REPORTAGE.

« Être salariée en m’occupant de mon enfant relève d’un véritable combat » : le quotidien difficile des aidants

Certains Français ne partent pas en vacances, non pas par manque de moyens, mais parce qu’ils doivent s’occuper d’un proche malade, en situation de handicap ou âgé. Ces personnes, appelées « aidants », sont estimées entre 8 et 11 millions, selon des sources gouvernementales. De tous âges et de toutes catégories sociales, ils restent encore insuffisamment reconnus et soutenus. Un syndicat a récemment été créé pour défendre leurs droits et mieux les accompagner.

Le besoin essentiel de répit

Martine, retraitée, ne profitera pas de l’été pour voyager. Elle s’occupe de sa mère de 90 ans, atteinte de la maladie d’Alzheimer, qui vit avec elle en Seine-Saint-Denis. Sa mère, totalement dépendante, nécessite une aide pour tous les gestes quotidiens. Son mari, quant à lui, s’occupe également de sa mère, vivant à une trentaine de kilomètres. Martine souligne que le répit est essentiel : « Je suis aidée une fois par semaine. Cela me permet de faire autre chose, comme un rendez-vous médical ou des courses. »

Martine bénéficie d’une aide appelée « le répit », qui permet à un professionnel de prendre en charge la personne aidée pendant six jours, selon un décret publié en août 2025.

Concilier travail et rôle d’aidant

Environ 6 millions d’aidants continuent de travailler tout en s’occupant d’un proche. Sylvia, habitant Forbach en Moselle, illustre ce défi. Elle s’occupe de Gianni, son fils de 10 ans atteint d’une maladie génétique rare. Ne pouvant travailler depuis chez elle, Sylvia s’est organisée avec son employeur : elle s’occupe de son fils le matin jusqu’à ce qu’un bus vienne l’emmener dans un centre spécialisé. « Être salariée tout en m’occupant de mon enfant relève d’un véritable combat », déclare-t-elle.

Pour compenser ses matinées, Sylvia perçoit une allocation de 33 euros par demi-journée, mais cette aide est limitée à six ans maximum.

Une bataille pour un vrai statut

Obtenir ces aides peut s’apparenter à un parcours du combattant. C’est pourquoi Sonia Jabri, mère d’une jeune femme de 18 ans atteinte de polyhandicap, a fondé le Syndicat national des aidants. Elle plaide pour une meilleure reconnaissance des aidants et une simplification des démarches administratives, notamment auprès de la Maison départementale des personnes handicapées (MDPH). « Pourquoi ne pas mettre automatiquement les aides en place dès le diagnostic d’une maladie ou d’une dépendance ? », interpelle-t-elle.
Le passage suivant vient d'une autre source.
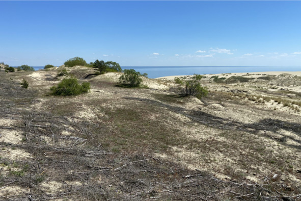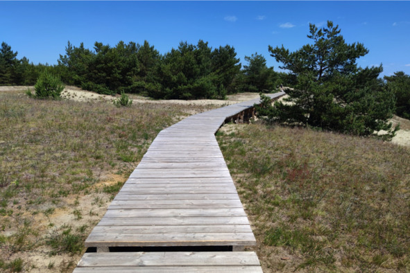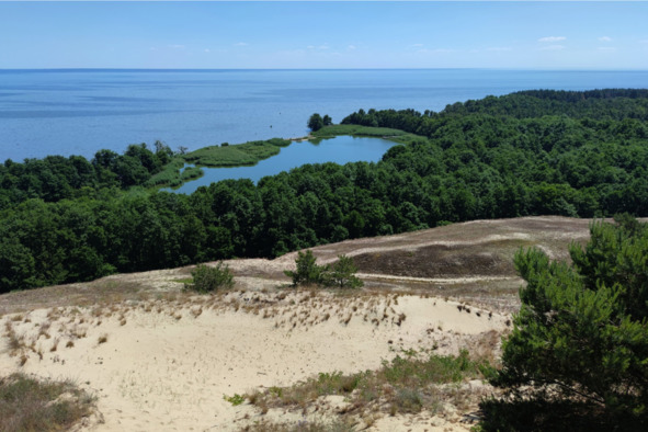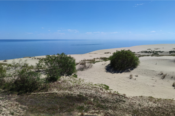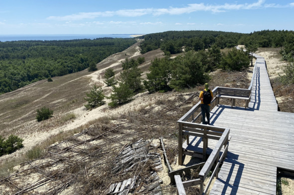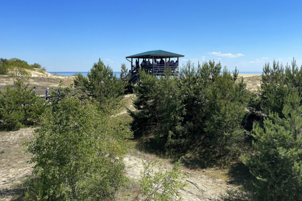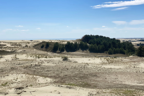 Тем не менее смотровая площадка озера Лебедь это самый удаленный маршрут национального парка, который находится в каких-то четырех километрах от литовской границы, а потому экскурсионные группы туда не возят. А зря, лучше и интереснее места на Куршской косе, на наш взгляд, в наши дни не сыскать. Маршрут начинается с соснового бора, высаженного, как утверждают, в начале XX века. Деревянные настилы, плавно устремляясь вдоль просеки вверх по обнаженному песчаному склону дюны Оленья, выводят на гребень, где резко уходят влево, образуя пятиметровый «провал» (видимо, досок не хватило), заставляющий путника, поправ все правила, ступить на землю обетованную. Оттуда до смотровой площадки уже рукой подать, но и без нее эмоции зашкаливают: волнообразные всполохи песчаного наста, островки сухостоя и молодой поросли, зеленый ковер леса, зеркальная гладь озера да нежная рябь Куршского залива. А наградой для самых смелых, добравшихся до вышки, станут еще бескрайние пески странствующей дюны Красная, которая, по мнению ученых, ежегодно сдвигает свое тело на два метра.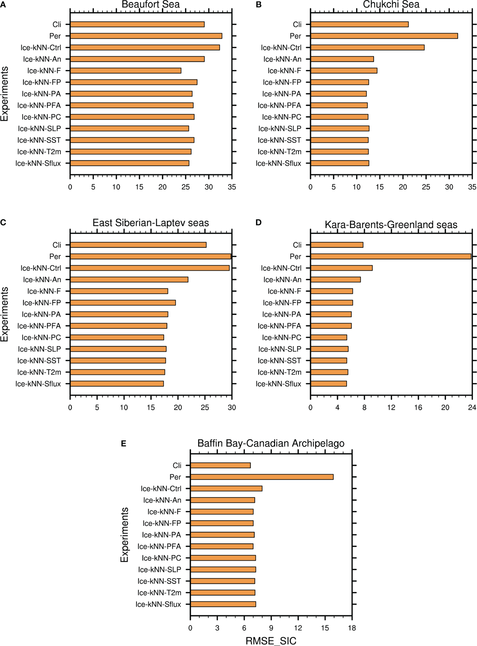 Spatial averaged RMSE_SIC of the Ice-kNN model in hindcasting September SIC averaged from 2011 to 2020 in the (A) Beaufort Sea, (B) Chukchi Sea, (C) East Siberian–Laptev seas, (D) Kara–Barents-Greenland seas, and (E) Baffin Bay–Canadian Archipelago.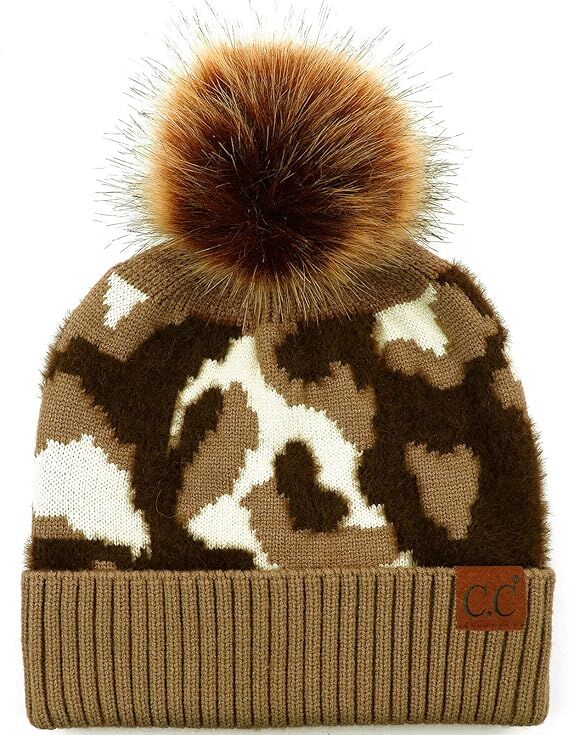 C.C. Baby Women's Fur Pom winter Cable Knit Beanie in Camouflage Taupe
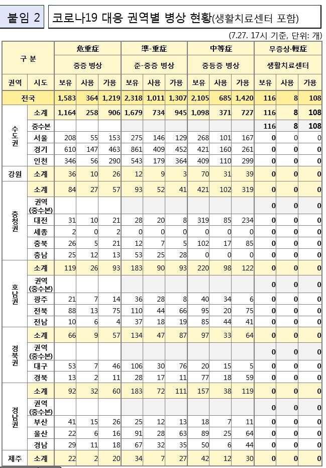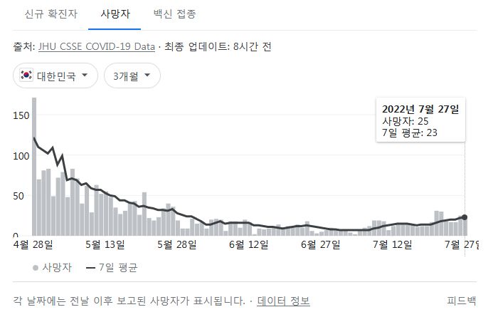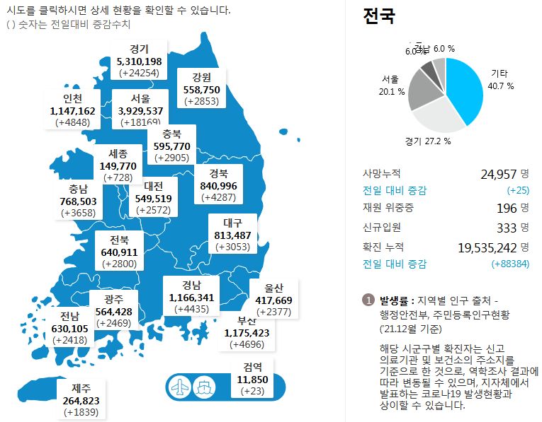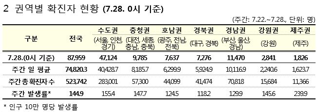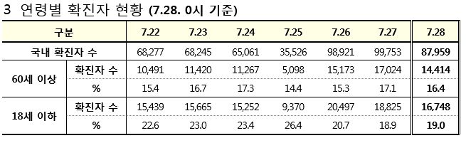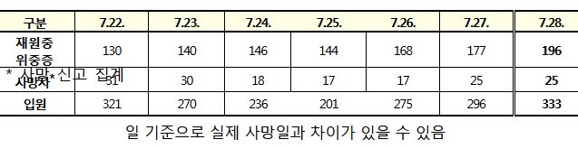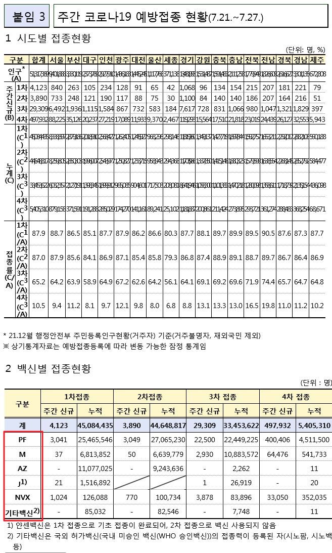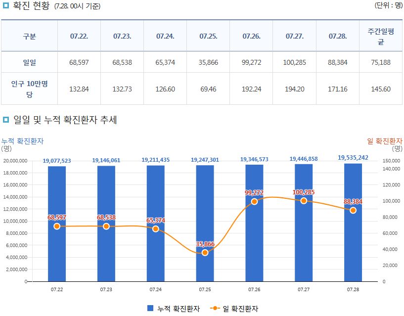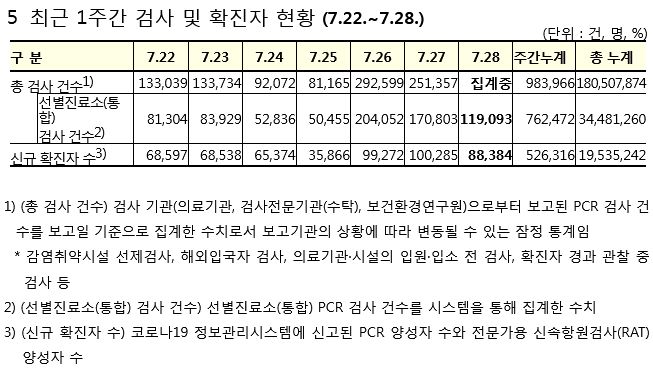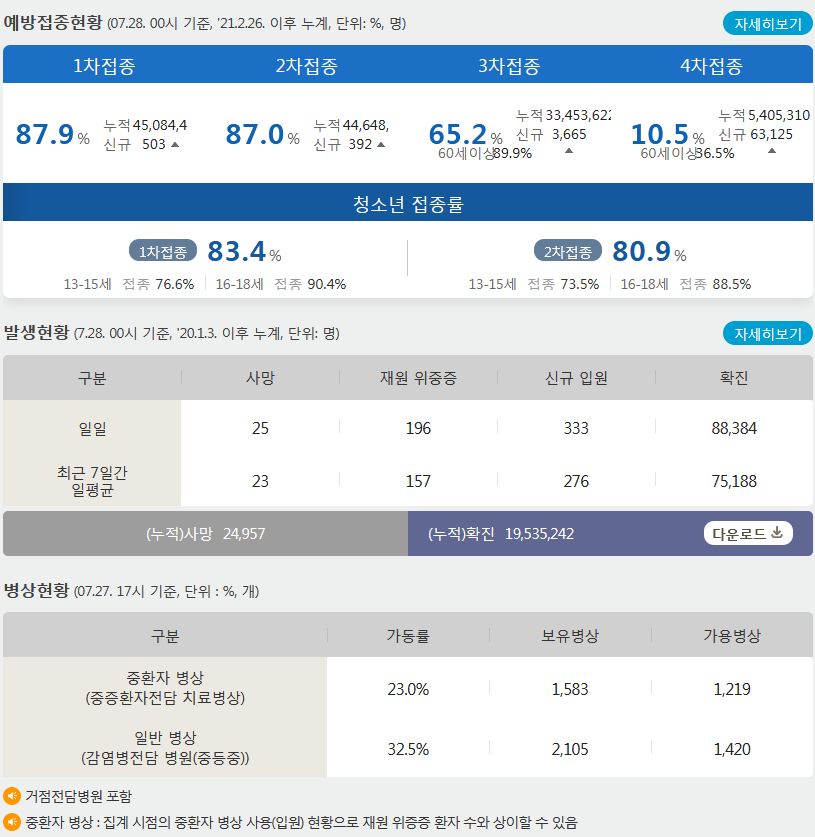코로나19집계(2022.7.28. 0시기준): 확진 +8.8만, 사망 +25명, 위중증병상가동률 23%, 재택치료 43만(집중관리 1.9만)/:/주간 예방접종 통계 본문

Sonia souligne que la situation actuelle conduit certains aidants au burn-out, voire à des tentatives de suicide. Selon la Ligue contre le cancer, les aidants permettent à la société d’économiser près de 11 milliards d’euros par an en assurant gratuitement une grande partie de l’accompagnement. La présidente du Syndicat national des aidants appelle à une loi pour accorder un véritable statut aux aidants et ouvrir automatiquement des aides à ces millions de personnes.